9 responses to “Help me write idiomatically correct Python”

  1. Lionel Barret
    September 30, 2008 at 1:10 am |

    mmm…. you should use the iteration protocol: the index stuff :

    
    nx, ny = len(xs), len(ys)
    ix, iy = 0, 0
    while ix < nx and iy < ny:
    
    

    seems strange to me.

    beside, i dont’ see how it is different than:

    
    while x, y in zip(xs, ys)
    
    

    more, using relevant datastructure would be more natural:

    
    xs = set(xs)
    ys = set(ys)
    in_both = xs.intersection(ys)
    
    

    you should also look into itertools, so you can process xs and ys:

    
    max_len = max(len(xs), len(ys))
    x_repeat_none = max_len - len(xs)
    y_repeat_none = max_len - len(ys)
    new_xs = chaine(xs, repeat(None, x_repeat_none)
    new_ys = chaine(ys, repeat(None, y_repeat_none)
    while x, y in new_xs, new_ys:
        yield x, y
    
    
  2. i0
    i0
    September 30, 2008 at 2:34 am |

    I’m sorry, but I find both Haskell and Python examples confusing.
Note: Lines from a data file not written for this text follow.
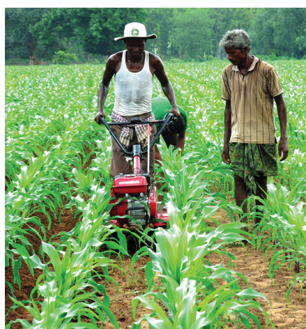
मेसिन प्रयोग गरेर मकै गोड्दै गरेको
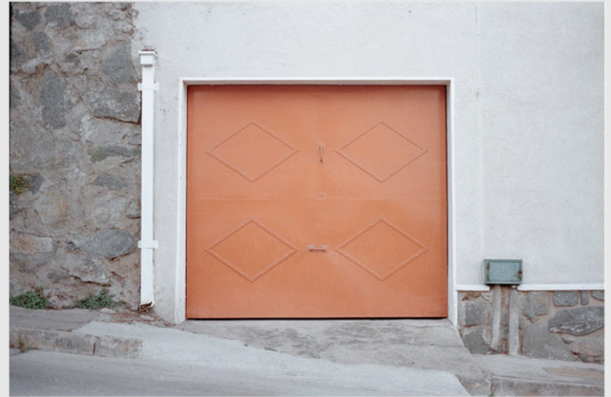
1/5 COPIA DIGITAL DE ORIGINAL ANALOGO Papel: Papel Hahnemühle Photo Rag Pearl 320 gr / 100% Algodón / Blanco Natural Libre de ácido Impresión: Giclée / Tinta: Pigmentos naturales con filtro UV a humedad y Gases. Sistema de impresión y papeles: Cumple con norma ISO 9706 de conservación de museos.
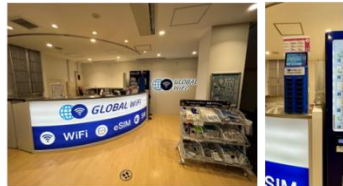
関西国際空港 第1ターミナル4階 出発ロビー 北店
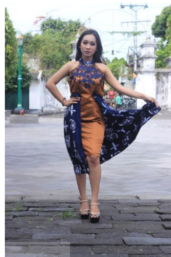
Gambar 7. Gold-plated Tomatoes 2
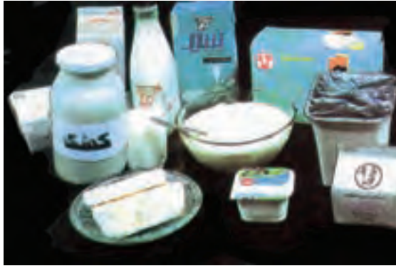
شکل ۷-۱- گروه شیر و فرآورده‌های آن

پنیر، کشک، بستنی و دوغ است (شکل ۷-۱). این مواد می‌توانند نیاز بدن به اغلب مواد مغذی به‌ویژه پروتئین، کلسیم، ریوفلاوین و روی را تأمین کنند. اگر چه لبنیات از بهترین منابع پروتئین و کلسیم هستند، ولی از نظر آهن، ویتامین C و ویتامین D فقیر می‌باشند.
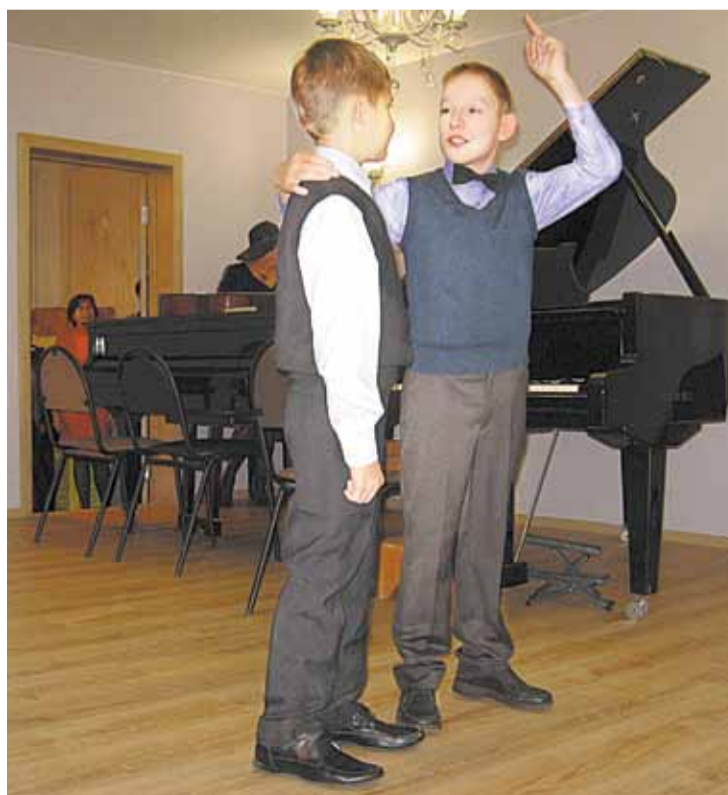
В роли спасателей

Праздник проходит ежегодно с неизменным аншлагом. Зал достаточно большой, но зрителям буквально не хватает мест. Потому что «прошлогодние» первоклассники снова приходят на праздник, правда, сидят они уже не на первых рядах. Это значит, что к музыке, к очень непростому искусству общаются новые граждане Музыкантии.
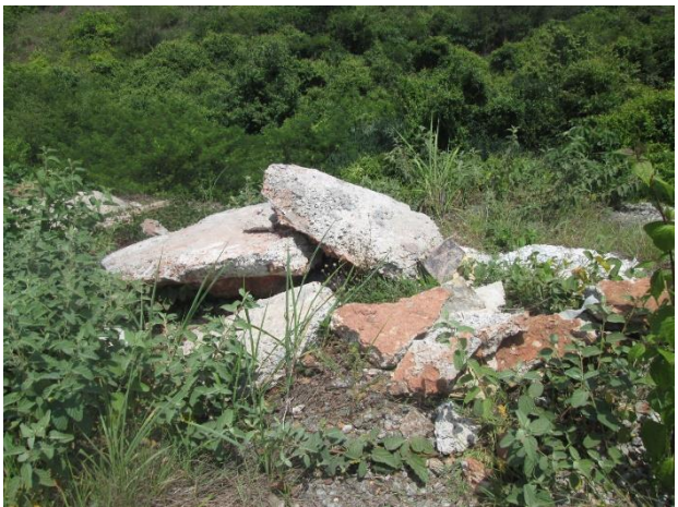
Restos de materiales de construcción y caliche depositados en el borde da la zanja pluvial.

Can you perhaps add a test case?

  3. i0
    i0
    September 30, 2008 at 3:21 am |

    Still fugly, but thats what you get for doing nested code as flat: http://paste.org/index.php?id=3918 ;-)

  4. Corey Porter
    September 30, 2008 at 9:52 am |

    @i0

    Here’s a test case:

    import unittest
    
    class TestCmpseq(unittest.TestCase):
        def testOddsAndEvens(self):
            expected = [ (1, None),
                         (2, 2),
                         (3, None),
                         (4, 4),
                         (5, None),
                         (None, 6),
                         (None, 8),
                         (None, 10) ]
    
            resultant = list(cmpseq(cmp, [1,2,3,4,5], [2,4,6,8,10]))
            self.assertEquals(expected, resultant)
    

    @Lionel

    First off, yes, the indexing stuff is crazy ugly. I don’t like it one bit. Also, doing the same with sets would express the problem much more cleanly, and it’s probably the way I’ll end up going with this, as I wouldn’t dare ask somebody (even myself!) to maintain the above code. However, it takes the problem’s time complexity to log from linear and it requires linear additional space (as opposed to constant).
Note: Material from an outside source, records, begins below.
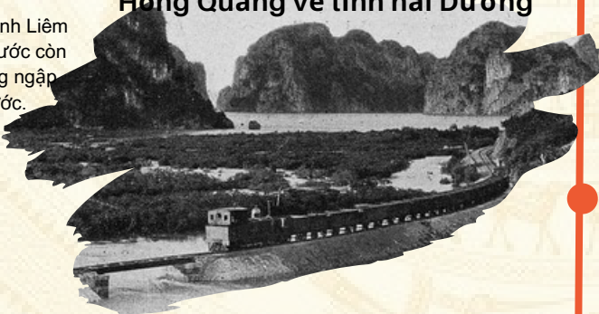
Cầu Kênh Liêm ngày trước còn là vùng ngập nước.

Ngày 28/01/1959, Chủ tịch nước ra Sắc lệnh số 005-SL trả huyện Đông Triều thuộc khu Hồng Quảng về tỉnh Hải Dương
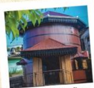
10 Informações Turísticas
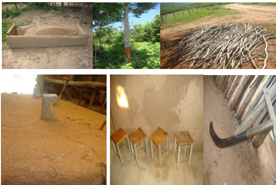
Figura 2: Utilização dos recursos florestais para o preparo de artefatos: Figura (1) uso tecnológico para Cocho (vasilha grande feita de um tronco de árvore cavado); (2) Retirada de casca; (3) uso combustível para lenha; (4) uso tecnológico para torno de rede; (5) uso tecnológico para bancos; (6) cabo de ferramenta.
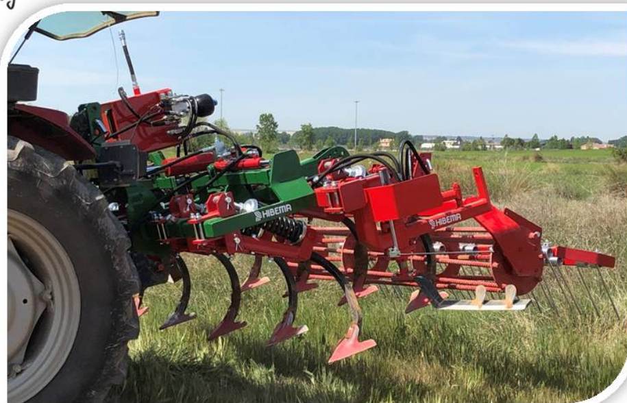
Intercepa integral, 2 brazos, centralita con circuito autonomo, mando electro-hidráulico

Adaptable a cualquier cultivador Ideal para viñas en vaso y espaldera de mas de 3 años Regulación de altura Cilindro para recogida cuchilla Regulación de presión del muelle

    I’d love to use something like zip, except I need to not advance one of the iterators under certain circumstances. I could write a custom version that did something with the argument supplied to next(), but that would make constructs like “for x,y in zip(…)” impossible.

    I gave a go of doing the same thing with iterators rather than indexing. The problem I run in do is knowing after StopIteration is thrown which iterator ran out. I ended up having to play all sorts of games with setting values to None before I get the next value, etc. Here’s where I’m at now:

    def cmpseq(f, xs, ys):
        xs, ys = iter(xs), iter(ys)
        try:
            x, y = None, None
            x = xs.next()
            y = ys.next()
            while True:
                c = f(x, y)
                if -1 == c:
                    yield (x, None)
                    x = None
                    x = xs.next()
                elif 1 == c:
                    yield (None, y)
                    y = None
                    y = ys.next()
                else:
                    yield (x, y)
                    x, y = None, None
                    x = xs.next()
                    y = ys.next()
        except StopIteration, s:
            pass
    
        if x is not None: yield (x, None)
        if y is not None: yield (None, y)
    
        for x in xs: yield (x, None)
        for y in ys: yield (None, y)
    

    Which seems a little cleaner in that I’m not manually keeping track of array indexes, but it’s still a far cry from the Haskell version. Perhaps the moral of the story is to not try to cram language constructs and algorithms that make sense in on context in to other systems where they don’t. Oh well? (Mercifully, the log time/linear space solution will be just fine for the data I’m currently working with.)

  5. David Goodger
    October 1, 2008 at 10:55 am |

    You can do it with a single list comprehension. This requires Python 2.5 for the conditional expressions:

    def cmpseq(s1, s2): return [((item if item in s1 else None), (item if item in s2 else None)) for item in sorted(set(s1 + s2))]

    import pprint

    seq1 = [1,2,3,4,5] seq2 = [2,4,6,8,10]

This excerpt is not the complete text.